_REQUIREMENT_:
Repeat the listing verbatim. Drop any pictures.

_RECORDED DATA_:
[Start of Attachment]

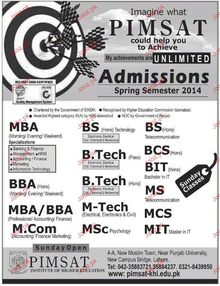 PIMSAT Institute of Higher Education Admission in MBA, BS, BBA, MS, BIT, MS, MCS, M.COm, MSc and MIT in Lahore Read newspaper ad for exact details.
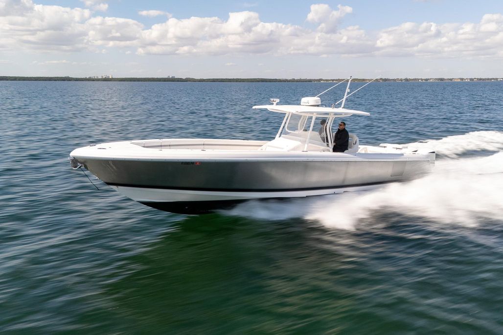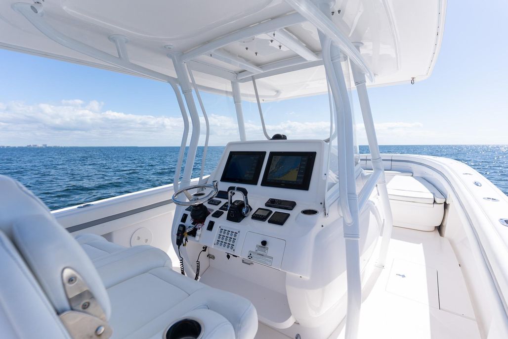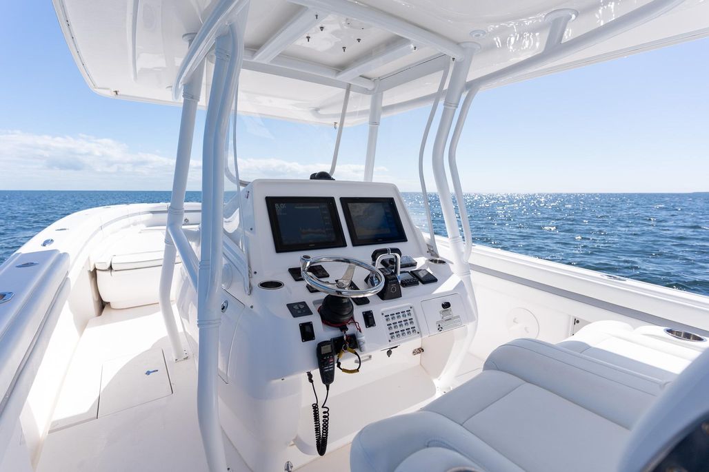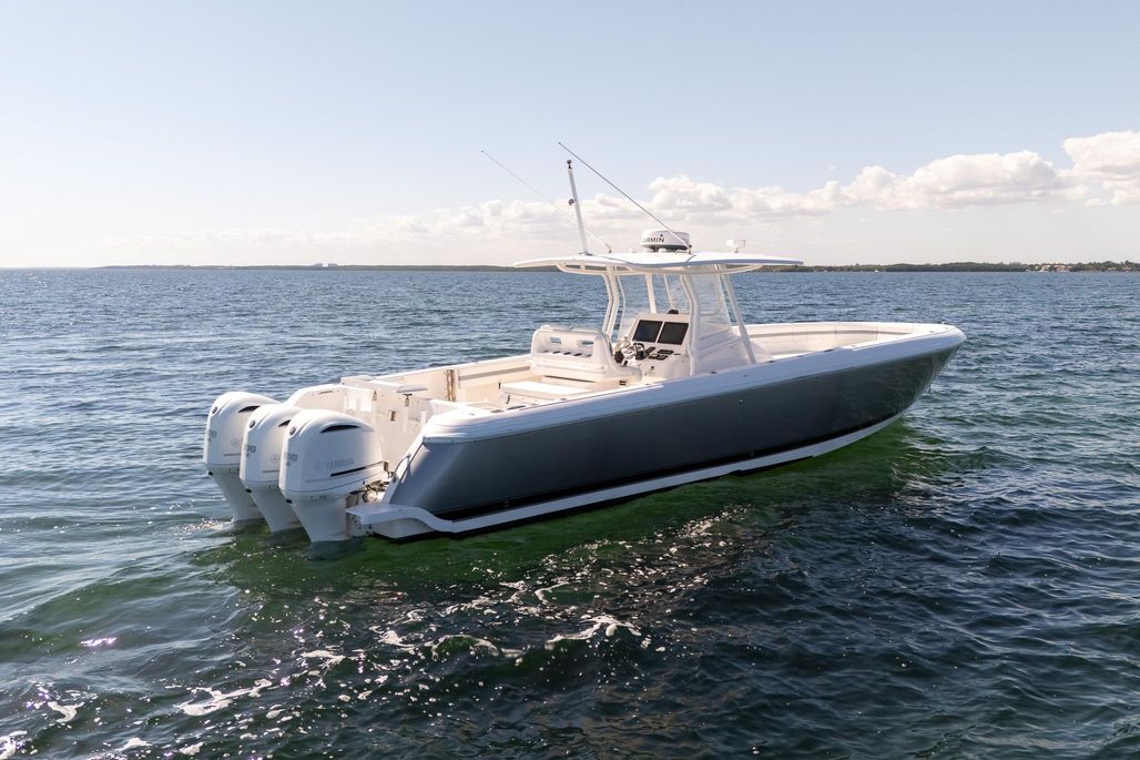 Introducing the 2015 Intrepid 400 Center Console, a remarkable vessel that combines performance and style. Measuring an impressive 40.08 feet in overall length, this boat features a robust fiberglass hull with a Deep Vee shape, ensuring a smooth and stable ride even in challenging waters. Powered by three Yamaha F300 outboard engines, each delivering 300 horsepower, this boat offers exhilarating cruising speeds of up to 45 mph and a maximum hull speed of 58 mph. With 1018 hours of experience, these engines are well-maintained and ready for adventure. Designed for comfort and convenience, the Intrepid 400 accommodates up to 15 passengers, making it perfect for family outings or entertaining friends. An electric windlass enhances ease of use, while the joystick control adds precision to your navigation. This used center console is an excellent choice for those seeking a blend of power, comfort, and reliability on the water.
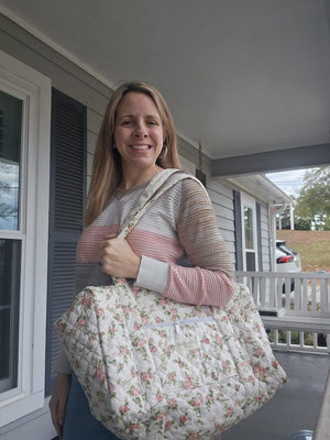 The quilted exterior features a beautiful strawberry-themed pattern, complemented by a classy pink gingham interior.
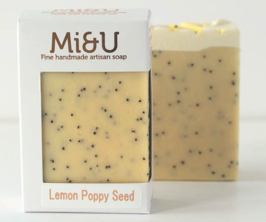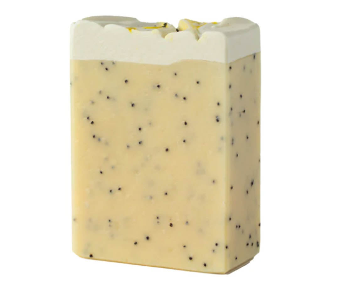 • Brighten your skin with our Lemon Poppy seed soap, crafted with folded

[End of Attachment]

_RESPONSE AREA_:
 PIMSAT Institute of Higher Education Admission in MBA, BS, BBA, MS, BIT, MS, MCS, M.COm, MSc and MIT in Lahore Read newspaper ad for exact details.
 Introducing the 2015 Intrepid 400 Center Console, a remarkable vessel that combines performance and style. Measuring an impressive 40.08 feet in overall length, this boat features a robust fiberglass hull with a Deep Vee shape, ensuring a smooth and stable ride even in challenging waters. Powered by three Yamaha F300 outboard engines, each delivering 300 horsepower, this boat offers exhilarating cruising speeds of up to 45 mph and a maximum hull speed of 58 mph. With 1018 hours of experience, these engines are well-maintained and ready for adventure. Designed for comfort and convenience, the Intrepid 400 accommodates up to 15 passengers, making it perfect for family outings or entertaining friends. An electric windlass enhances ease of use, while the joystick control adds precision to your navigation. This used center console is an excellent choice for those seeking a blend of power, comfort, and reliability on the water.
 The quilted exterior features a beautiful strawberry-themed pattern, complemented by a classy pink gingham interior.
 • Brighten your skin with our Lemon Poppy seed soap, crafted with folded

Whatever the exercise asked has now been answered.